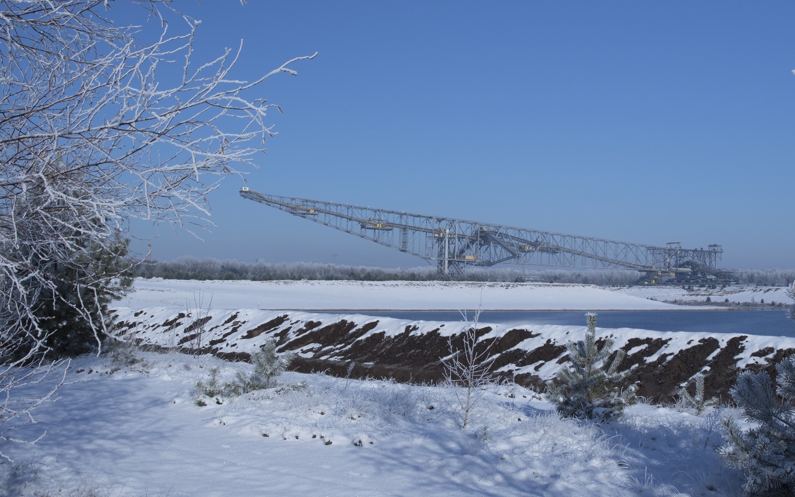 Besucherbergwerk F60 am Bergheider See im Winter, Foto; Kathrin Winkler
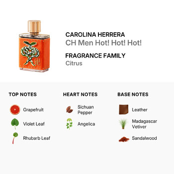 The top notes of CH Men Hot! Hot! Hot! feature a refreshing burst of grapefruit, violet leaf, and rhubarb leaf, setting the stage for a vibrant and energetic aroma. As the fragrance evolves, the heart notes of Sichuan pepper and angelica add a spicy and aromatic touch, creating depth and intrigue. Finally, the base notes of leather, Madagascar vetiver, and sandalwood provide a warm and sophisticated finish, ensuring the scent lingers throughout the day.
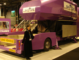 宇宙関係の国際学会にて。右は宇宙旅行(?)の体験マシン
◆ ◆ ◆ ◆ ◆ ◆ ◆
What you return should match the material word for word, apart from the pictures.

» REPLY TO THE EXERCISE
 Besucherbergwerk F60 am Bergheider See im Winter, Foto; Kathrin Winkler
 The top notes of CH Men Hot! Hot! Hot! feature a refreshing burst of grapefruit, violet leaf, and rhubarb leaf, setting the stage for a vibrant and energetic aroma. As the fragrance evolves, the heart notes of Sichuan pepper and angelica add a spicy and aromatic touch, creating depth and intrigue. Finally, the base notes of leather, Madagascar vetiver, and sandalwood provide a warm and sophisticated finish, ensuring the scent lingers throughout the day.
 宇宙関係の国際学会にて。右は宇宙旅行(?)の体験マシン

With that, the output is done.